Dramatic decline in anaesthetic mortality rates over past 50 years
Thursday, September 20, 2012
Research from Dr. Daniel Bainbridge and colleagues in Western’s Department of Anaesthesia and Perioperative Medicine has shown that survival rates after a general anaesthetic and within 48 hours of surgery have dramatically improved worldwide over the past 50 years. His research is published in the high-profile journal, The Lancet.
The researchers used data from 87 studies spanning back to the 1930s to analyse trends in death due to anaesthesia and soon after surgery involving more than 21.4 million anaesthetics given in countries around the world. Despite operating on more patients considered high-risk or who need more complicated surgeries now than in the past, the likelihood of dying after a general anaesthetic has dropped by roughly 90%— from an estimated 357 per million before the 1970s to 34 per million in the 1990s–2000s. During the same period, the risk of dying from any cause within 48 hours of surgery (perioperative mortality) has decreased by about 88%— from an estimated 10 603 per million before the 1970s to 1176 per million in the 1990s–2000s.
Dr. Bainbridge, an associate professor at Western’s Schulich School of Medicine & Dentistry and a scientist with Lawson Health Research Institute, says the dramatic decline is due to several factors including better equipment in the O-R, better recognition and treatment of patient disease, safe surgical checklists, and better hospital infrastructure. Dr. Janet Martin, Dr. Davy Cheng and Dr. Miguel Arango were also involved in the study.

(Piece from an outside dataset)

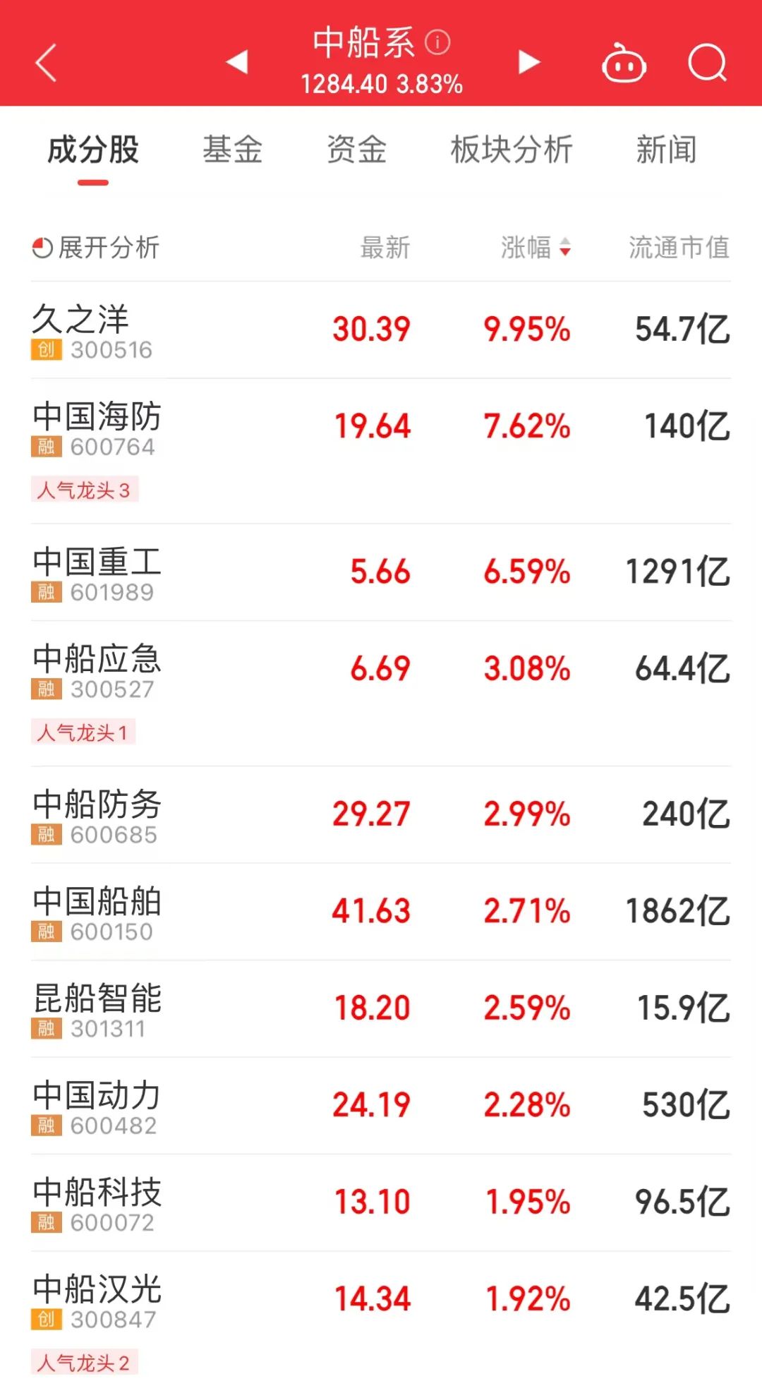 A股船舶板块震荡走强,“中船系”集体走高。中科海讯20cm涨停,中国海防涨超7%,中国重工、中船防务、中国船舶等多股涨幅居前。

“Although this declining pattern was evident in both developing and developed nations, the greatest and most progressive decline has been in developed countries. Overall rates of perioperative and anaesthetic-related mortality have consistently been much higher in developing countries and remain two to three time higher than in developed nations”*, explains Dr. Bainbridge. He says evidence-based interventions need to be put into practice to reduce the disparities between high-income and low-income countries.

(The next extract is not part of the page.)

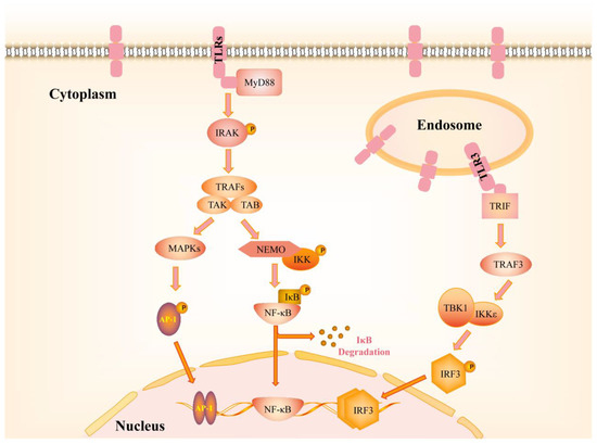TLRs consist of an extracellular leucine-rich repeat (LRR) recognition domain and an intracellular Toll/IL-1 receptor (TIR) domain that transmits downstream signals. Activation of TLRs proceeds by dimerization of TLRs to form TIR-TIR structures that recruit intracellular adaptor proteins that also contain TIR domains to activate NF-κB, p38 and JNK signaling transduction [13]. TLR-activated pathways include the MyD88-dependent pathway and the TRAF-dependent pathway. Upon TLR recognition of ligands, members of the TLRs family other than TLR3 recruit the adapters MyD88, Mal, IRAKs, or TRAFs, thereby initiating the MyD88-dependent pathway [14]. MyD88 recruits IL-1R-associated kinases (IRAKs) that are phosphorylated to bind to TRAF (tumor necrosis factor receptor-associated factor) which then interacts with the ubiquitin-conjugating enzymes and becomes polyubiquitinated. Activated TRAFs combine with TGF-β-activated kinase (TAK) and TAK1-binding protein (TAB) to phosphorylate IκB kinase (IKK). This activated IKK phosphorylates IκB, an inhibitor of NF-κB, and promotes its degradation, thereby activating NF-κB transcription factors and mitogen-activated protein kinases (MAPKs). Consequently, the nuclear translocation of NF-κB and AP-1 induces the production of inflammatory cytokines and activates the transcription of innate immune effector genes [15,16]. In the TRIF-dependent pathway, TLR3 signaling is completely dependent on the adaptor protein TIR domain-containing adaptor inducing IFN-β (TRIF), also named as Toll-IL-1 receptor (TIR) domain-containing adaptor molecule-1 (TICAM-1). TRIF consists of a proline-rich N-terminal region, a TIR domain and a C-terminal region. Among them, the TIR domain of TRIF interacts with the TIR domain of TLR3, and the N-terminal region is essential for further phosphorylation and activation of interferon regulatory factor 3 (IRF3) by recruiting TANK-binding kinase 1 (TBK1) and the inhibitor of nuclear factor κB kinase ε (IKKε, also known as IKK ε). Finally, IRF3 activation mediates the production of pro-inflammatory cytokines and type I interferon (IFN) [14] (Figure 1).

“Although anaesthetic mortality remains low compared with traffic fatalities or suicide, it still remains high compared with death caused by air travel, which is a commonly used yardstick to benchmark the risk of anaesthesia.”

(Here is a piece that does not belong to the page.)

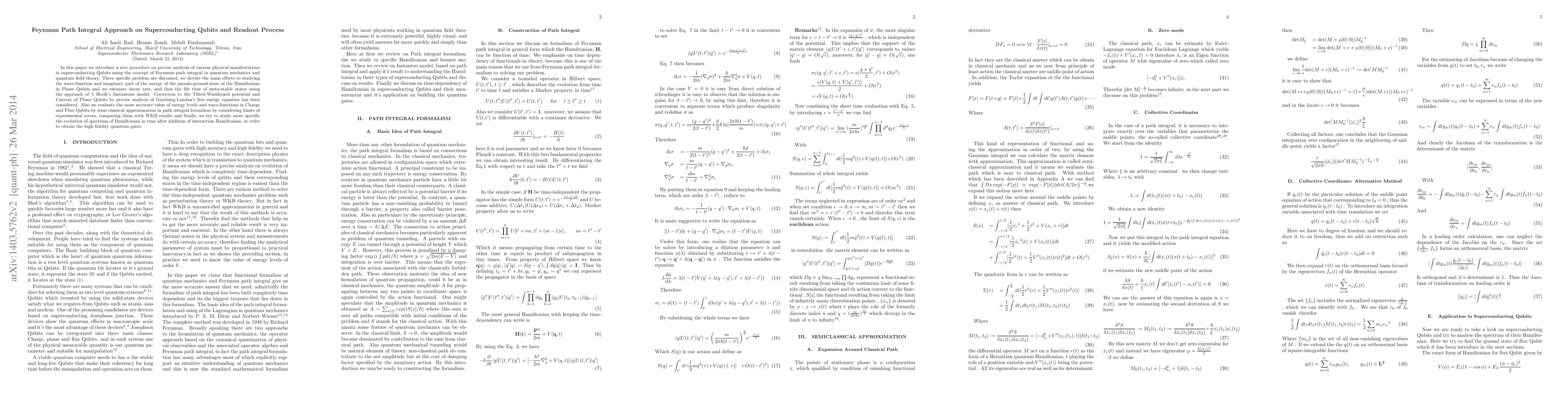 In this paper we introduce a new procedure on precise analysis of various physical manifestations in superconducting Qubits using the concept of Feynman path integral in quantum mechanics and quantum field theory. Three specific problem are discussed, we devote the main efforts to studying the wave function and imaginary part of the energy of the pseudo ground state of the Hamiltonian in Phase Qubits and we estimate decay rate, and thus the life time of meta stable states using the approach of 't Hooft's Instantons model. Correction to the Tilted-Washboard potential and current of Phase Qubits by precise analysis of Ginzburg-Landau's free energy equation has been considered. Also we evaluate the most accurate value of energy levels and wave function in Charge and Flux Qubits by Semi classical approximation in path integral formalism by considering limits of experimental errors, comparing them with WKB results and finally, we try to study more specific the evolution of spectrum of Hamiltonian in time after addition of interaction Hamiltonian, in order to obtain the high fidelity quantum gates.

Dr. Bainbridge adds, “we know people are afraid of flying because of the risk of death even though that risk is low, and has been steadily going down. We also know people who come in for surgery are afraid of dying from the anaesthetic or from the surgery, and we’re able to show the same thing, that the rates have been steadily going down and the risk is extremely low.” Still he says, there’s room for improvement. “Even though we know the risk is low, we continue to improve the standards and the safety for patients so they can be more comfortable and confident when they come for surgery.”